Dataset:
━━━━━━
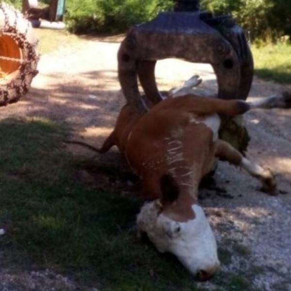 Ta krava ju je oborila na pod, a zatim nastavila da je udara glavom dok je ležala. U međuvremenu, kaiš za torbu joj se upleo oko vrata i zamalo je ugušio ostavljajući joj jeziv trag na vratu.
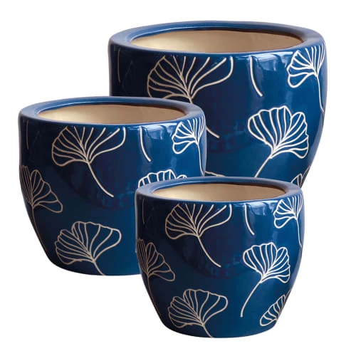 Maisons Du Monde Jarres Et Cache-pots 3 Cache-pots En Fibre De Maïs Bleu Gris H27
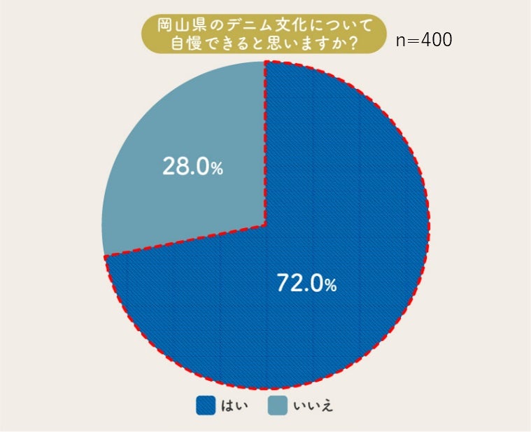 「あなたは岡山県のデニム文化について自慢できると思いますか?」という質問に対しては72.0%が「はい」と回答。岡山県民にはデニム文化が浸透しているとともに理解が深く、デニム文化を誇りに思っていることがうかがえます。
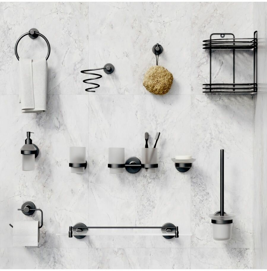 Настенный держатель для туалетной бумаги коллекции Black это утонченный аксессуар, который так необходим вашей ванной комнате. Туалетный держатель в ванную комнату в благородной черной расцветке непременно будет украшением вашего пространства. Классическая выделка держателя для бумаги в туалет изготовлена из металла, с порошковым покрытием. Держатель настенный для туалетной бумаги имеет высокую устойчивость к коррозии. Туалетный держатель-органайзер для бумаги Легко и надёжно крепится при помощи самореза и дюбеля, крепёж в комплекте.В наборе аксессуаров коллекции для ванной комнаты Black представлены: держатели и крючки для полотенец и халатов, держатели для туалетной бумаги, Держатель для фена, механический дозатор для мыла, мыльницы, Ерш сантехнический, полочка в ванную комнаты, стакан для зубных щеток
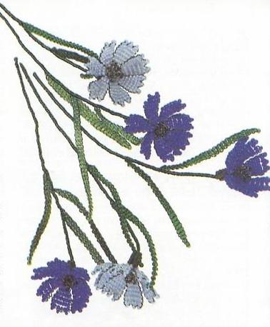 Как и всегда, я подобрала для вас не один мастер-класс плетения василька. Первый способ изготовления этого цветочка банален: сплетите обыкновенную чашечку для цветка, в зависимости от размера чашечки наберите на проволоку несколько сантиметров синего бисера, скрутите проволочку в 4 дуги, как показано на фото.
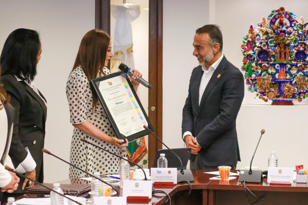 El municipio de Metepec fue reconocido por su trabajo destacado en la implementación de políticas públicas centradas en los derechos humanos. La entrega del galardón tuvo lugar el 10 de abril de 2025 y fue encabezada por Myrna A. García Morón, quien resaltó la labor del alcalde Fernando Flores y su equipo por promover acciones que respetan y garantizan los derechos fundamentales.
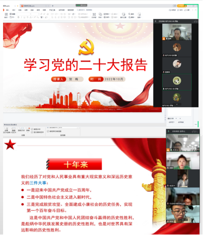 为深入学习贯彻党的二十大精神,营造学习党的二十大精神的浓厚氛围,10月29~30日,伟德betvlctor1949源于英国学生党支部全体党员通过线上线下结合的方式开展“学习党的二十大报告”主题学习活动,活动由学生支部书记贺梅主持。
━━━━━━
Work order: Nothing but the lines from the first line of the records above to the line with "Как и всегда, я", inclusive, should be transcribed exactly, and the pictures must be left out.

Solution below:
 Ta krava ju je oborila na pod, a zatim nastavila da je udara glavom dok je ležala. U međuvremenu, kaiš za torbu joj se upleo oko vrata i zamalo je ugušio ostavljajući joj jeziv trag na vratu.
 Maisons Du Monde Jarres Et Cache-pots 3 Cache-pots En Fibre De Maïs Bleu Gris H27
 「あなたは岡山県のデニム文化について自慢できると思いますか?」という質問に対しては72.0%が「はい」と回答。岡山県民にはデニム文化が浸透しているとともに理解が深く、デニム文化を誇りに思っていることがうかがえます。
 Настенный держатель для туалетной бумаги коллекции Black это утонченный аксессуар, который так необходим вашей ванной комнате. Туалетный держатель в ванную комнату в благородной черной расцветке непременно будет украшением вашего пространства. Классическая выделка держателя для бумаги в туалет изготовлена из металла, с порошковым покрытием. Держатель настенный для туалетной бумаги имеет высокую устойчивость к коррозии. Туалетный держатель-органайзер для бумаги Легко и надёжно крепится при помощи самореза и дюбеля, крепёж в комплекте.В наборе аксессуаров коллекции для ванной комнаты Black представлены: держатели и крючки для полотенец и халатов, держатели для туалетной бумаги, Держатель для фена, механический дозатор для мыла, мыльницы, Ерш сантехнический, полочка в ванную комнаты, стакан для зубных щеток
 Как и всегда, я подобрала для вас не один мастер-класс плетения василька. Первый способ изготовления этого цветочка банален: сплетите обыкновенную чашечку для цветка, в зависимости от размера чашечки наберите на проволоку несколько сантиметров синего бисера, скрутите проволочку в 4 дуги, как показано на фото.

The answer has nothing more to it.